QUANTITATIVE ANALYSIS
Establishment of a spectral reference library for a calibration model
Calibration is the process of constructing a mathematical model to relate the response from a sample scanned using an analytical instrument to the properties of the samples. Any calibration model that can be clearly defined in a mathematical expression and gives suitable results can be used. Record the spectra of a suitable number of representative samples with known or future-established values of the attribute of interest throughout the range to be measured (for example, content of water). The number of samples for calibration will depend on the complexity of the sample matrix and interferences (e.g. temperature, particle size, etc.). All samples must give quantitative results within a calibration interval as defined by the intended purpose of the method. Multiple linear regression (MLR), principal component regression (PCR) and partial least squares regression (PLS) are commonly used algorithms. For PLS or PCR calibrations, the regression coefficients and/or the loadings should be plotted and the regions of large coefficients or loadings compared with the spectrum of the analyte. Predicted residual error sum of squares (PRESS) plots (or similar) are useful to facilitate the optimising of the number of PCR or PLS factors.
Pre-treatment of data
Wavelength selection or excluding certain wavelength ranges may enhance the accuracy and robustness of calibration models. Wavelength compression (wavelength averaging) techniques may be applied to the data.

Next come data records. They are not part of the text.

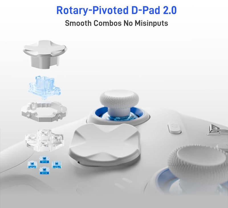Một trong những điểm nổi bật nhất của FLYDIGI Direwolf 4 chính là joystick sử dụng công nghệ Hall Effect. Joystick này có lực nhấn trong khoảng 40–80gF, mang lại cảm giác điều khiển mượt, chính xác và đồng đều. Công nghệ Hall Effect giúp loại bỏ hiện tượng drift thường gặp trên joystick truyền thống, đồng thời tăng độ bền khi sử dụng lâu dài.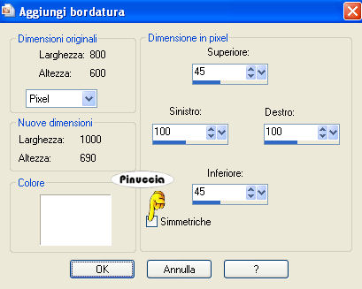 5. Immagine>Aggiungi bordatura, simmetriche non selezionato, con il colore bianco.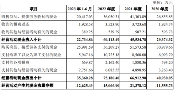 2020年至2023年1-6月,美新科技销售商品、提供劳务收到的现金分别为26,855.85万元、41,303.89万元、56,050.31万元、20,417.03万元,经营活动产生的现金流量净额分别为-11,555.73万元、-21,378.12万元、-15,066.90万元、-12,625.43万元。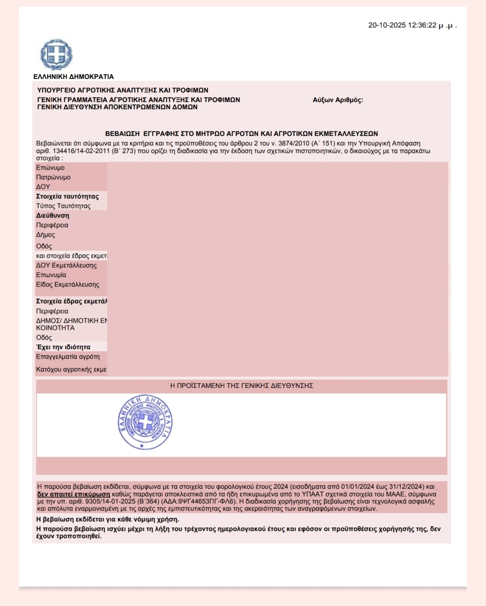 Για την είσοδο στο γήπεδο, οι ενδιαφερόμενοι αγρότες θα πρέπει να επιδείξουν τη σχετική βεβαίωση ΜΑΑΕ (Μητρώο Αγροτων και Αγροτικών Εκμεταλλευσεων) στα εκδοτήρια, όπως στο παράδειγμα που ακολουθεί.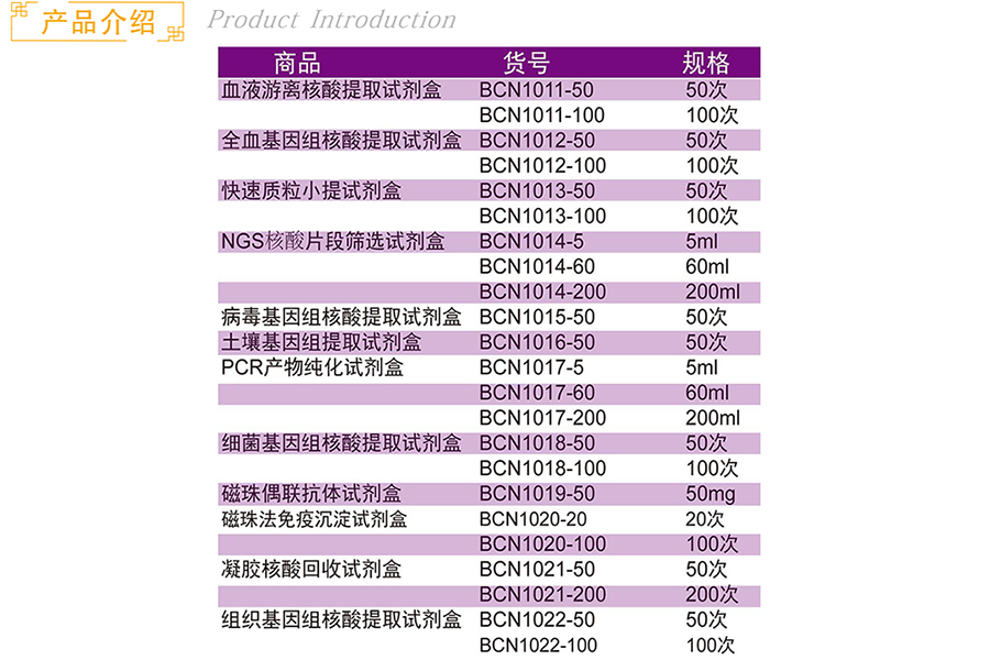 商品名称:无锡百运科技 PCR产物纯化试剂盒(磁珠法) 200ml 商品编号:40022799 上架时间:2019/8/1 0:00:00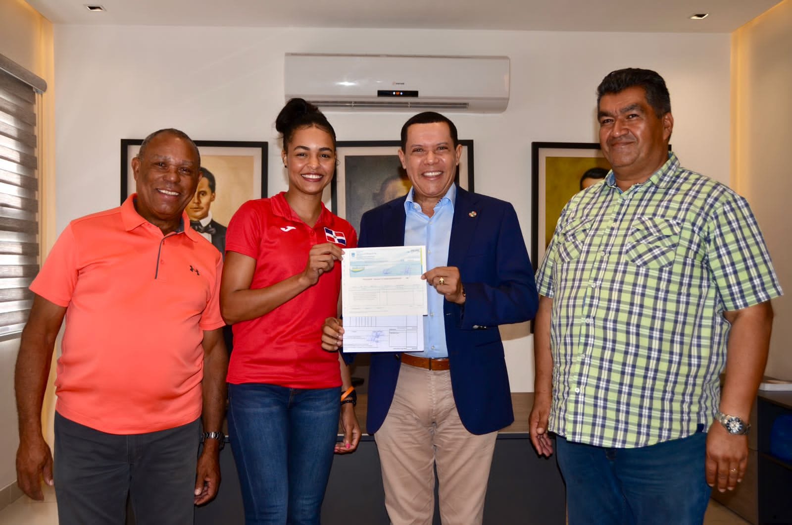 La mañana de este Lunes, nuestro honorable Alcalde Dr. Ruddy González, procedió a entregarle un cheque por un monto de $.100.000.00 pesos, a la ganadora de la Medalla de oro en Taekwondo en Chile, Mayerlin Mejía. En el acto estuvo acompañado por el Padre Duván López y el Profesor Bolivar Beltre, el Alcalde Ruddy González, resaltó que lo más importante después de este aporte, son los valores que esta joven le inserta a la sociedad con esta Medalla de oro para Azua.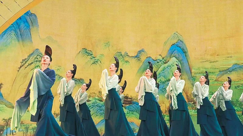 圖為(wei)圍(wei)繞傳世名作《千里江山圖》創排的(de)舞(wu)蹈詩劇《只此青綠》亮(liang)相2022年(nian)中(zhong)央(yang)廣(guang)(guang)播(bo)電視總(zong)(zong)臺春節聯(lian)歡(huan)晚會(視頻(pin)截圖)。中(zhong)央(yang)廣(guang)(guang)播(bo)電視總(zong)(zong)臺供圖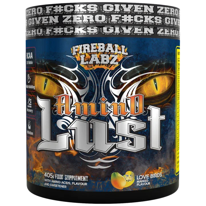 Fireball Labz AminoLust 405g is a premium nutritional supplement designed to support muscle recovery and enhance performance. This advanced formula by Fireball Labz features a potent blend of essential amino acids, including BCAAs (Branched-Chain Amino Acids), which are crucial for muscle repair and growth. AminoLust is specifically crafted for health-conscious individuals seeking to optimise their workout results and maintain peak physical condition.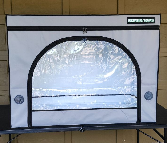 The NextGen Reptile Tent enclosures feature strong #10 zippers instead of velcro, 20-gauge clear windows, 1200D Canvas, and 600D vinyl interior. The new design also includes upgraded 3″ plastic vents in the front, and sewn-in electrical ports at the back for a cleaner look.

Model validation parameters
Analytical performance characteristics to be considered for demonstrating the validation of NIR methods are similar to those required for any analytical procedure. Specific acceptance criteria for each validation parameter must be consistent with the intended use of the method. Validation parameters for quantitative methods are accuracy, linearity, precision (repeatability and intermediate precision), robustness and specificity.
ONGOING MODEL EVALUATION
NIR models validated for use are subjected to ongoing performance evaluation and monitoring of validation parameters.
transfer of databases
When databases are transferred to another instrument, spectral range, number of data points, spectral resolution and other parameters have to be taken into consideration. Further procedures and criteria must be applied to demonstrate that the model remains valid with the new database or new instrument.